→ **Problem**
Please transcribe exactly the lines from the first line of the records below through the line containing "Merry Chrıstmas Sweatshirt & Hodie - Beyaz", including both, and omit all pictures.

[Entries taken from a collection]
== Segment start ==
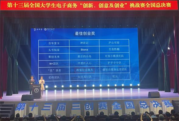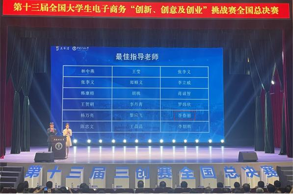 8月1日至2日,第十三届全国大学生电子商务“创新、创意及创业”挑战赛(以下简称“三创赛”)常规赛全国总决赛在中国矿业大学圆满举行。我校李春丽、金航飞老师指导的“跨境创业渔具”团队《渔来渔往》项目荣获特等奖,位列全国第三名。团队还荣获最佳创新奖、最佳创意奖、最佳创业奖,两位老师荣获最佳指导老师。
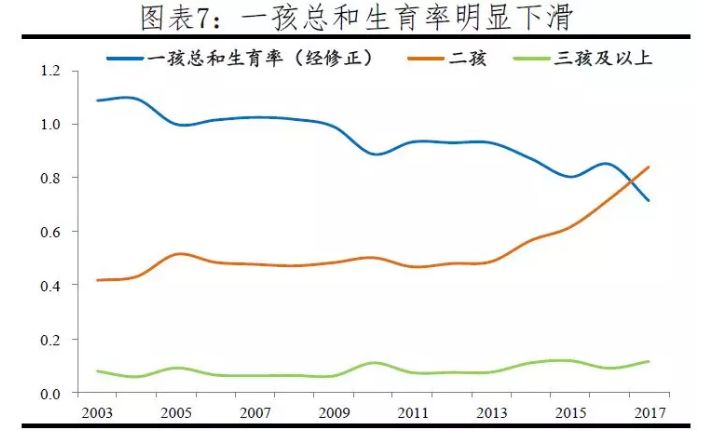 在全面二胎政策开放后的一份统计图里,确实二孩生育率明显上升,但问题是,一孩生育率却大幅下降了。
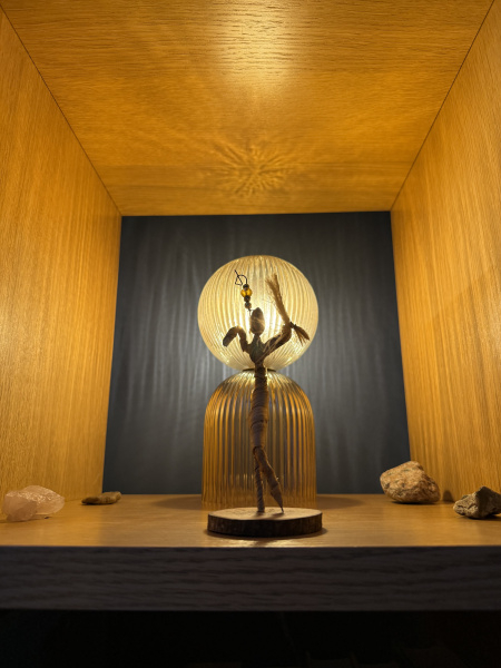 My black magic Siwa Egyptian Berber witch’s poppet, dancing on her circular dais of sliced ayahuasca, has a new stage. And a £28 Habitat lamp
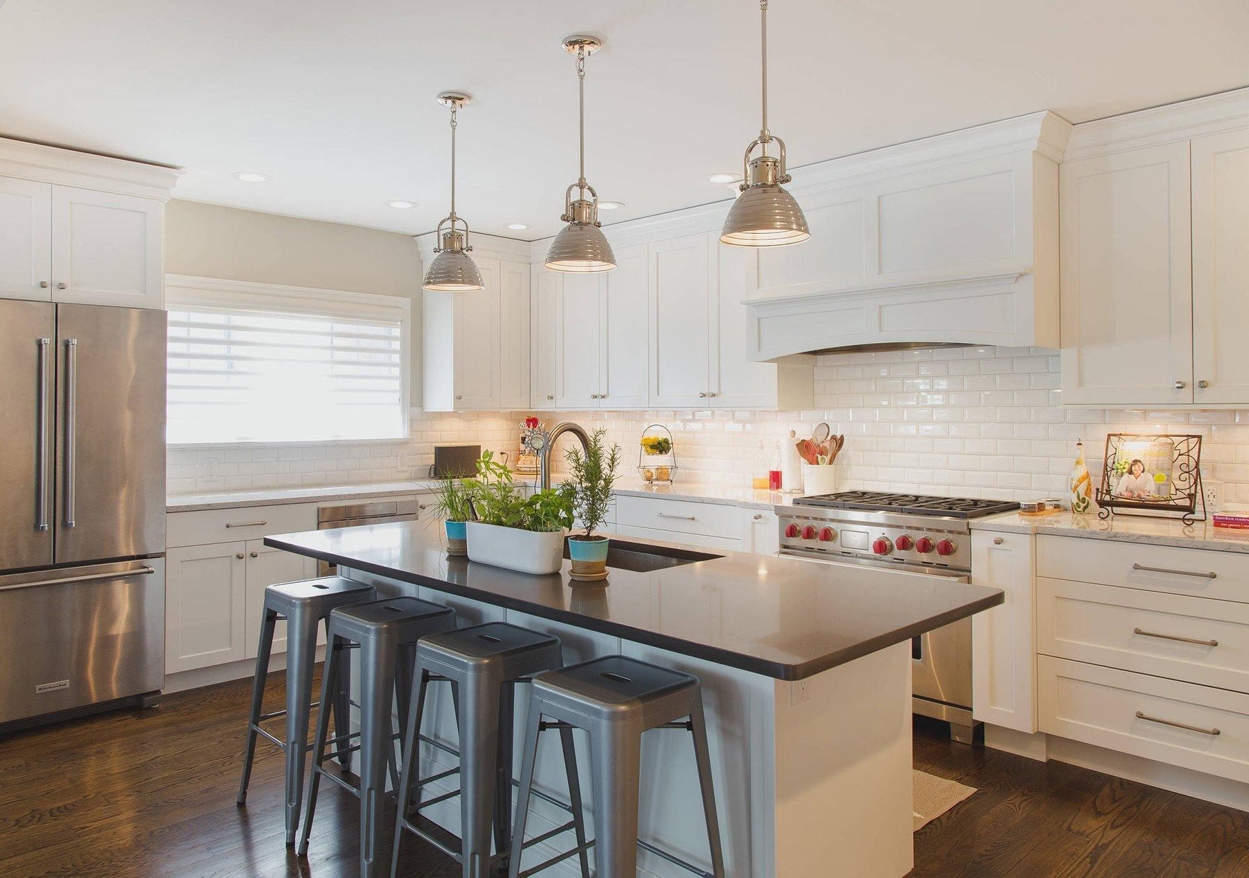 • Pendants Over Island: These provide crucial task lighting for food prep and should hang 32-36 inches above the surface. Make sure that each pendant is about 1/4 the length of the island to provide sufficient coverage without overwhelming the space.
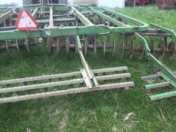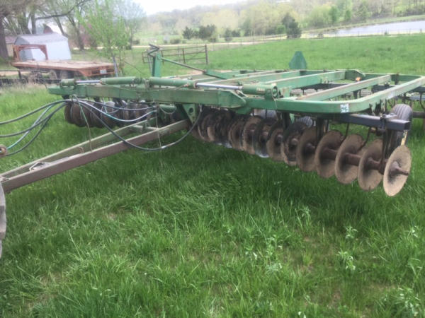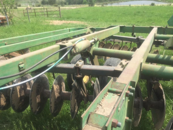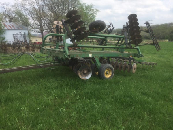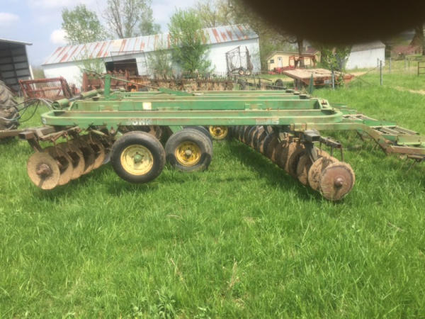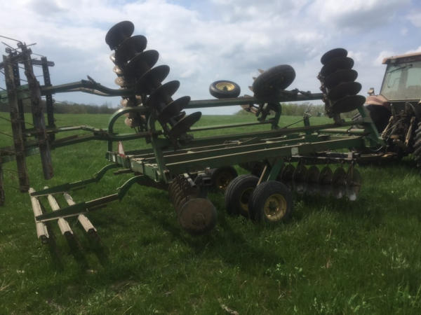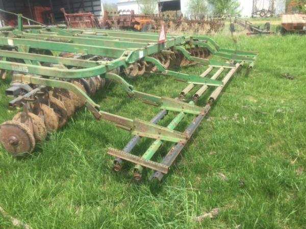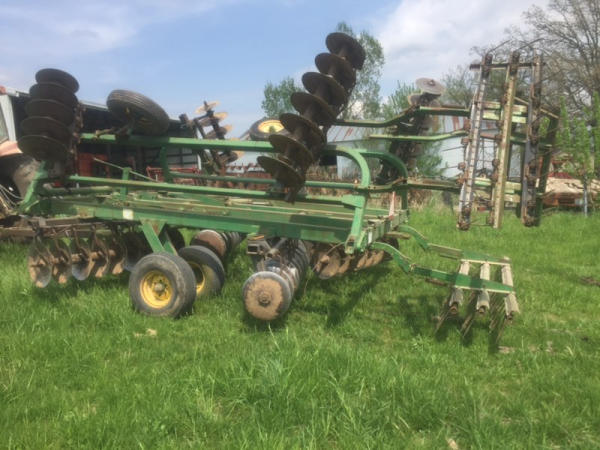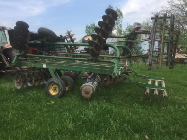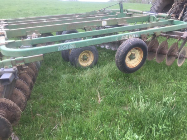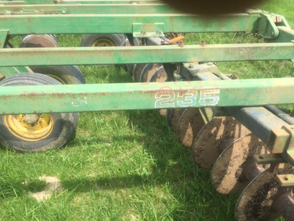 John Deere 235 Disk (NP6614), 24' width, 3 section, hydraulic wings, 19" discs, with harrow, 9.5L-15 tires.
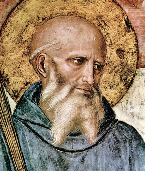 This fifteenth-century fresco shows St. Benedict (died c.550), sometimes portrayed as a warrior fighting the Vikings, in the militant style of some Middle Ages Christian imagery.
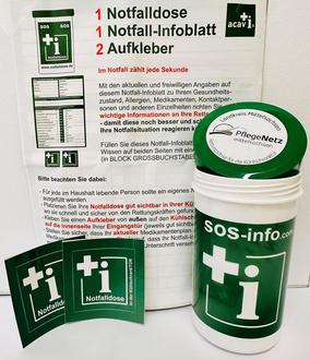 In Notsituationen benötigen Rettungskräfte schnell verfügbare Informationen über die betroffene Person. Dies kann lebenswichtig sein, stellt jedoch gerade bei nicht ansprechbaren oder alleinlebenden Menschen eine Herausforderung dar. Die Notfalldose ist hierbei eine gute Lösung: Das ausgefüllte Infoblatt in der Dose enthält wichtige gesundheitsbezogene Informationen zur Person. Durch die Aufbewahrung im Kühlschrank wissen Rettungskräfte in Notfallsituationen sofort, wo die Informationen verwahrt sind, so dass eine langwierige Suche entfällt.
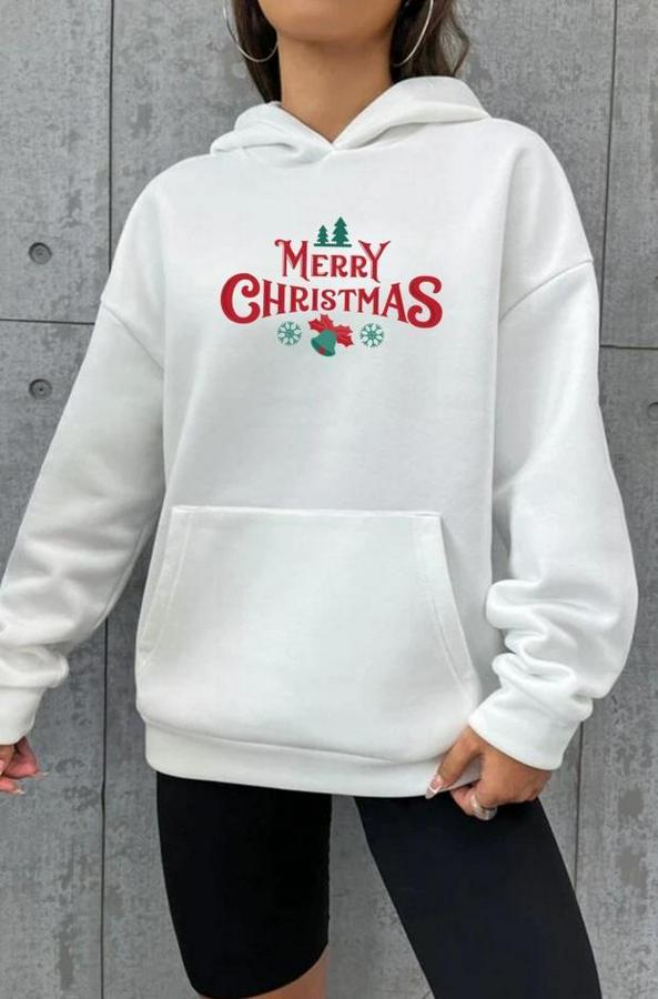 Merry Chrıstmas Sweatshirt & Hodie - Beyaz
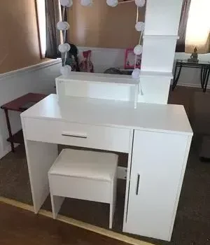This vanity isn’t just a piece of furniture but a statement of style. It’s not only a space to prepare yourself for the day but also an addition that enhances your decor. The sleek, modern design, combined with functional storage and adjustable settings, makes it an indispensable part of your daily routine. Its capability to transform from a full vanity to a straightforward desk is ideal for adapting to your changing needs and spaces.
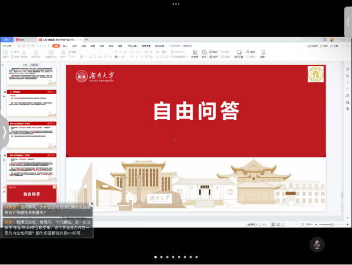活动最后,现场进行了问答互动,戴鹏毅就同学们提出的有关变量的衡量以及研究中可能出现的内生性问题等做出了解答并提供了宝贵的建议,本期博士创新论坛在大家的感谢中圆满结束。相信本次论坛的成功举办,能够进一步加深我校研究生在哲学社会科学类论文选题、写作的认识与理解,对提高研究生科研素养具有重要意义。
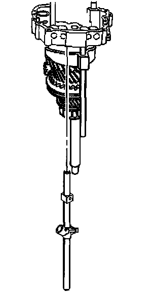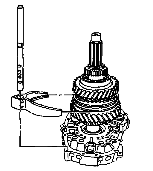54.1. Mount the J 44739 to the intermediate case using the rear case bolts. The J 44739 has three positions for locating the cross-piece. Use the center position for 4WD transmission or top position for RWD transmission.
== Segment end ==
→ **Reply**
 8月1日至2日,第十三届全国大学生电子商务“创新、创意及创业”挑战赛(以下简称“三创赛”)常规赛全国总决赛在中国矿业大学圆满举行。我校李春丽、金航飞老师指导的“跨境创业渔具”团队《渔来渔往》项目荣获特等奖,位列全国第三名。团队还荣获最佳创新奖、最佳创意奖、最佳创业奖,两位老师荣获最佳指导老师。
 在全面二胎政策开放后的一份统计图里,确实二孩生育率明显上升,但问题是,一孩生育率却大幅下降了。
 My black magic Siwa Egyptian Berber witch’s poppet, dancing on her circular dais of sliced ayahuasca, has a new stage. And a £28 Habitat lamp
 • Pendants Over Island: These provide crucial task lighting for food prep and should hang 32-36 inches above the surface. Make sure that each pendant is about 1/4 the length of the island to provide sufficient coverage without overwhelming the space.
 John Deere 235 Disk (NP6614), 24' width, 3 section, hydraulic wings, 19" discs, with harrow, 9.5L-15 tires.
 This fifteenth-century fresco shows St. Benedict (died c.550), sometimes portrayed as a warrior fighting the Vikings, in the militant style of some Middle Ages Christian imagery.
 In Notsituationen benötigen Rettungskräfte schnell verfügbare Informationen über die betroffene Person. Dies kann lebenswichtig sein, stellt jedoch gerade bei nicht ansprechbaren oder alleinlebenden Menschen eine Herausforderung dar. Die Notfalldose ist hierbei eine gute Lösung: Das ausgefüllte Infoblatt in der Dose enthält wichtige gesundheitsbezogene Informationen zur Person. Durch die Aufbewahrung im Kühlschrank wissen Rettungskräfte in Notfallsituationen sofort, wo die Informationen verwahrt sind, so dass eine langwierige Suche entfällt.
 Merry Chrıstmas Sweatshirt & Hodie - Beyaz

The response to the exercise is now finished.